Master the art of socializing at work
- “Sometimes, though, when these events are introduced by management, they can feel both obligatory and forced…”
- “For the most part, it’s better to use time after work to keep yourself centered than to socialize with work colleagues.” Geoff thought Kim wasn’t consistent with her messaging, and it sounds like the quotation from Return of the Jedi: “Keep your distance though, Chewie…but don’t look like you’re trying to keep your distance.” Jamie thought it was more nuanced: You need to appear to be part of the team. Maybe thirty minutes after work is okay, but not an entire night out.
- Jameson said if you don’t do anything outside of the day-to-day grind, you’ll be missing out on some organic opportunities. Dennis has found that social events have allowed him to get to know people he wouldn’t have otherwise.
- We discussed whether you’d be okay working with people that behave badly when they’re intoxicated.

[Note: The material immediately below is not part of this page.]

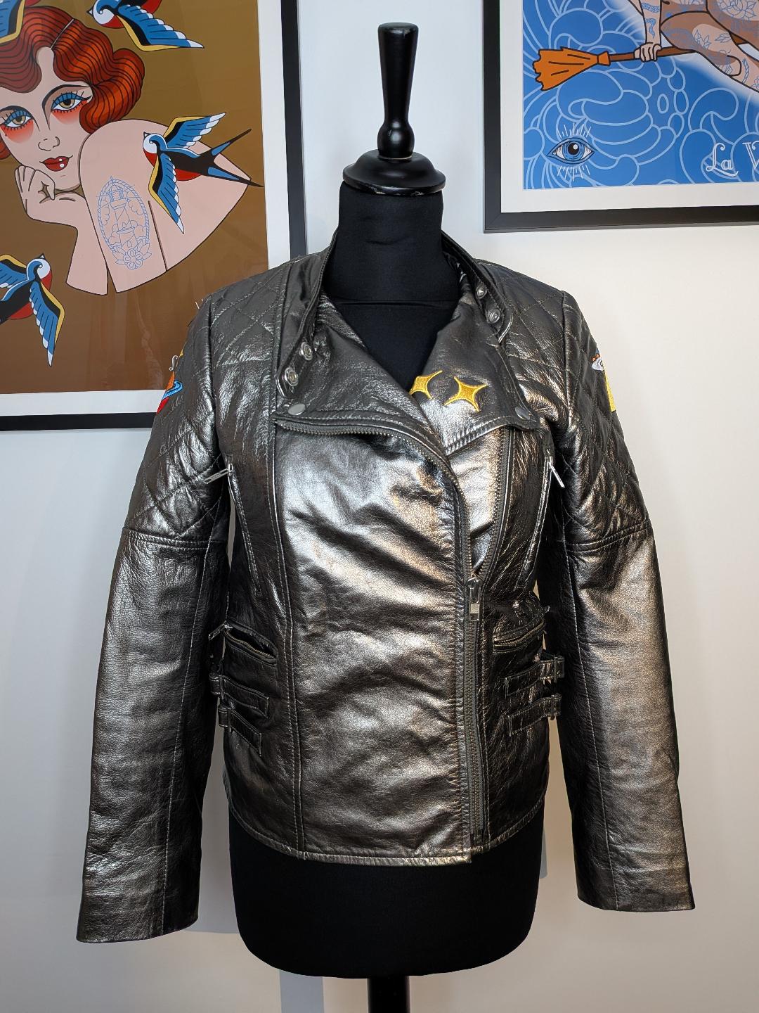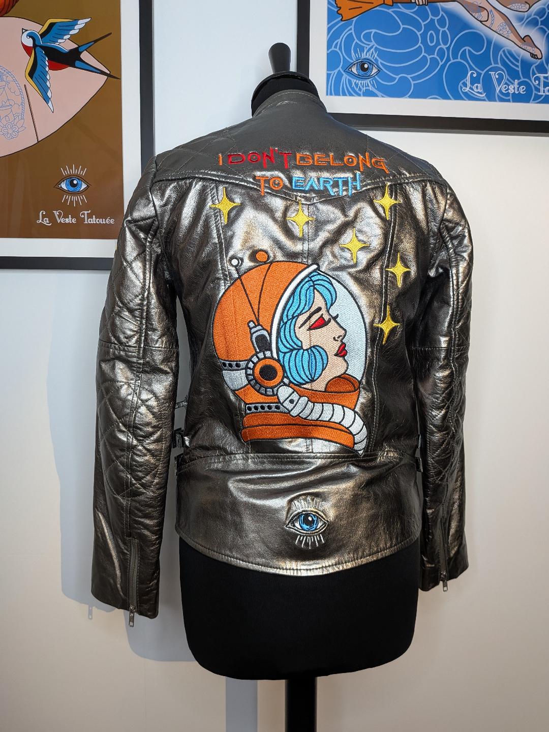 L’astronaute, dans l’univers du tattoo est aussi le symbole des personnes braves et courageuses et sur cette perle de veste en cuir argenté c’est un total look !!

Is it the same because it’s after hours? There’s also a legal liability issue when you have a work function and there’s unlimited access to alcohol. If you create the environment that can enable bad behavior, how much responsibility do you have?
- If the purpose of stopping work early is to get to know one another better, sending people home doesn’t really solve that problem. Jamie said perhaps you can order a team lunch in, or spend time playing video games together. Houston said not everyone wants the same activity, but Jamie said if you do it during work hours, they’re less likely to say no. The author warned earlier that this can be construed as “mandatory;” you need to be clear about this. Status and title can hold a fair amount of sway.
Respect boundaries
- You need to earn trust to be invited into someone’s inner circle and learn more about them as an individual. You also need to learn how to talk to people individually. People are different at work than they are outside of work.
- “Building trust in any relationship takes time because trust is built on a consistent pattern of acting in good faith.”
- “An exercise that requires people to talk publicly about their values may drive a wedge rather than help people find what they have in common.” Geoff said that it’s too bad sharing values is hit or miss; we’ve done this in a leadership workshop recently and it was liberating.
- “It’s possible to care personally about a person who disagrees with your views on abortion or guns or God.” Geoff said this takes emotional and cognitive effort. He values being around others who are different than him; however it seems in 2020 this is becoming more difficult because of increased polarization.
- Jameson asked, “What if you peel back the layers to find someone is racist, but that character trait doesn’t impact their work?” You learn what conversations to not bring up that might be uncomfortable for them or others. Don’t put yourself in situations that would be awkward if possible.
- We talked about using the phrase “you guys” vs. “y’all” vs. “you’ns.” How about “you all,” “everyone,” or “everybody?” Personal pronoun usage is a topic of debate. You can chose whether to claim heritage (i.e., I learned how to communicate this way growing up) vs. challenging yourself in that your language may not be inclusive. We also talked about that all of us are white male and have a certain amount of privilege.
- What matters is what you do about the situation when you realize the words you choose matters.